Lines from the opening of the material through the line containing "Loewe's T-shirt is" must be duplicated word for word. Pictures are not.

=-=-=-=-=

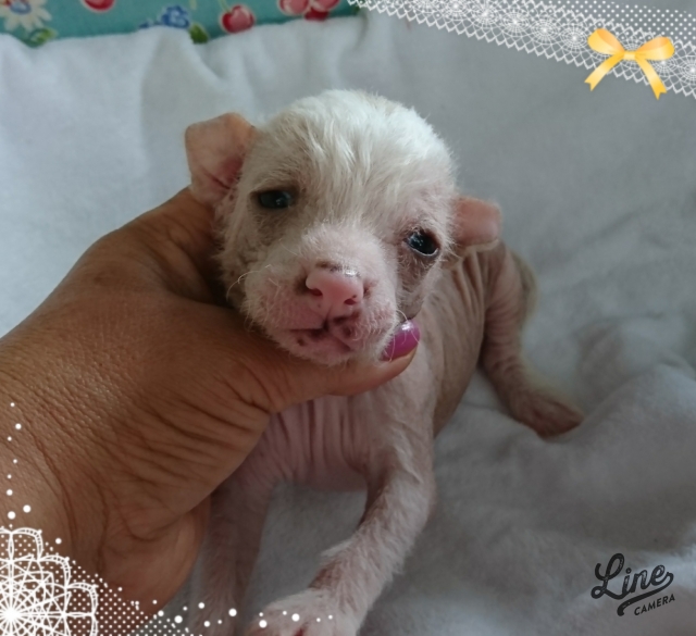 | コメント | この子の場合、お顔は、剃っていただくようになります。 兄妹の中で一番毛があります。 お手入れは、簡単です! お手入れは、お教えてあげますので~ご安心下さいね。 詳しくはお問い合わせください。 |
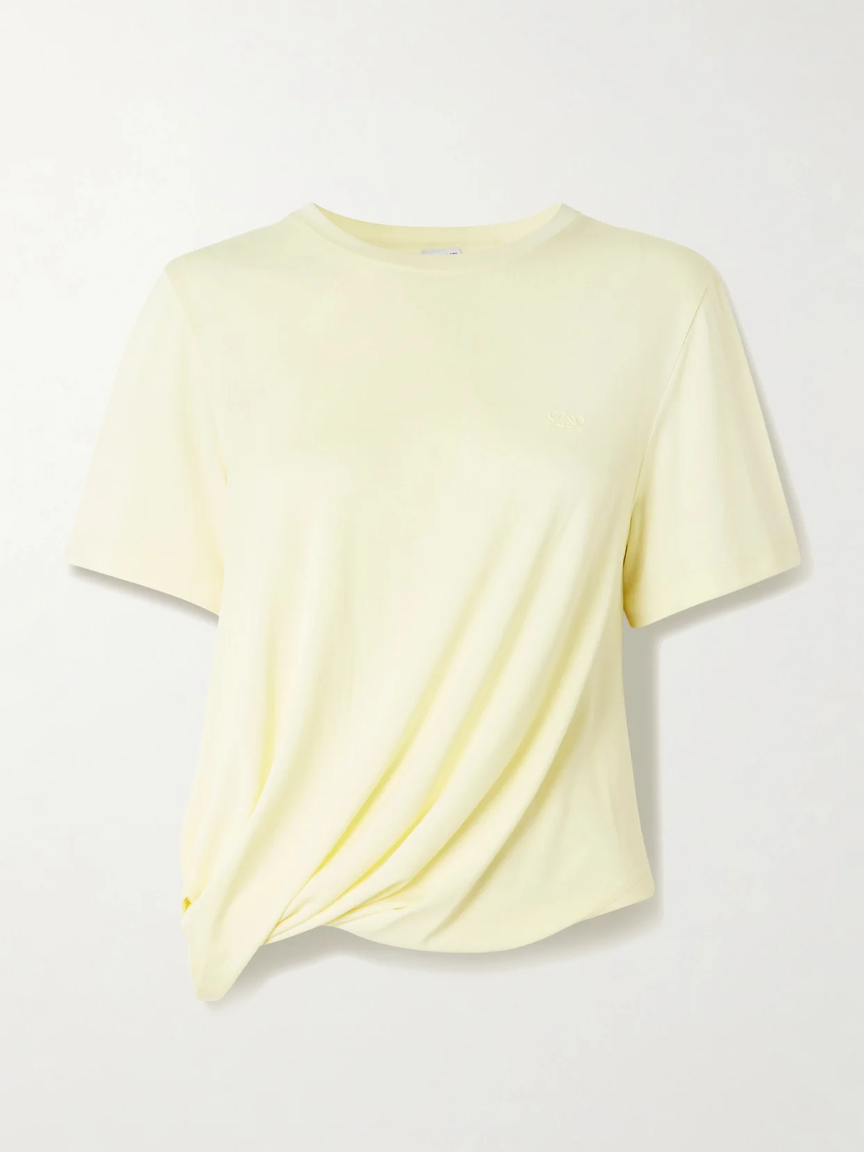 Loewe's T-shirt is embroidered with the label's signature 'Anagram'. It's draped from a crispy jersey in a summer-ready pastel-yellow and has an asymmetric hem.
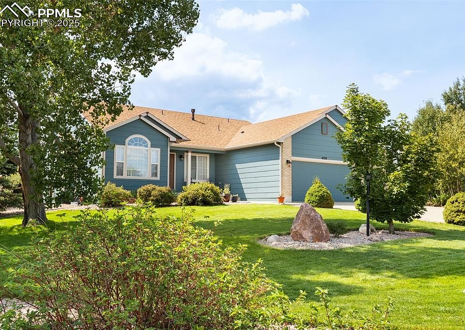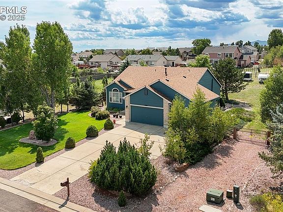 Welcome Home to this Stunning Rancher on a 1/2 Acre Treed Lot w/ NO HOA's!! Located w/in the quiet Paint Brush Hills Subdivision, this property offers over 3300 of Total Square Ft. for those larger families to spread out ~ Upon entry you walk into a relaxing living room & sitting area w/ an open concept floor plan ~ The vaulted ceiling provides enhanced spaciousness & ample natural light ~ The newly redesigned kitchen offers island seating, beautiful laminate countertops, newer stainless steel appliances, & hardwood floors ~ The kitchen walks out to an inviting backyard oasis w/ a large patio & lots of space for gardening, storage, outbuildings, or even RV parking/garage ~ The kitchen flows into a gorgeous dining room w/ a fireplace that's perfect for entertaining family & friends during the Holidays ~ The inviting primary bedroom connects to the primary bathroom w/ double vanities, large soaking tub, stand alone shower, lots of light, & a walk-in closet ~ Continuing on the Main Level are 2 secondary bedrooms for the kids or ideal office spaces for those remote workers ~ The Main Level Laundry is ideally situated upon entry from the 3 Car Garage ~ Downstairs in the Rec Room you'll find ample space for the media room, exercise room, office space, arts & crafts areas & 2 large bedrooms w/ a Full Bathroom ~ The 3 Car Garage is ideal for mechanics, auto enthusiasts, carpenters, hobbyists, etc.. ~ New Luxury Vinyl Flooring in all 3 Bathrooms & the Laundry Room ~ Newer Interior & Exterior Paint ~ Class IV Impact Resistant Roof installed in 2022 by Aspen Roofing ~ New Ceiling Fans Throughout the Home ~ Radon system in place ~ This home is absolutely beautiful & all that's left for the new Buyers to do is to move in ~ Located near Shopping, Restaurants, Parks, District 49 Schools, Antler Creek Golf Course, 21 min to Peterson AFB & 35 min to Schriever AFB, & 40 min to Fort Carson ~ Schedule Your Showing Today!!
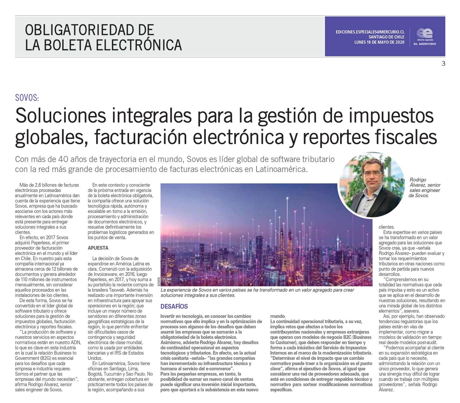 Más de 2,6 billones de facturas electrónicas procesadas anualmente en Latinoamérica dan cuenta de la experiencia que tiene Sovos, empresa que ha buscado asociarse con los actores más relevantes en cada país donde está presente para entregar soluciones integrales a sus clientes.
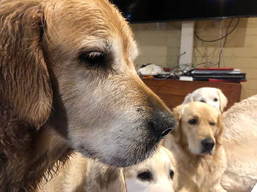 Photo from the Golden Retriever boarder while I’m in Tasmania – this is what surrounds her every morning when she’s munching on dry toast. (That’s Dozer’s big face at the front there, shoving his way to the front of the pack!).

=-=-=-=-=

### Written reply
 | コメント | この子の場合、お顔は、剃っていただくようになります。 兄妹の中で一番毛があります。 お手入れは、簡単です! お手入れは、お教えてあげますので~ご安心下さいね。 詳しくはお問い合わせください。 |
 Loewe's T-shirt is embroidered with the label's signature 'Anagram'. It's draped from a crispy jersey in a summer-ready pastel-yellow and has an asymmetric hem.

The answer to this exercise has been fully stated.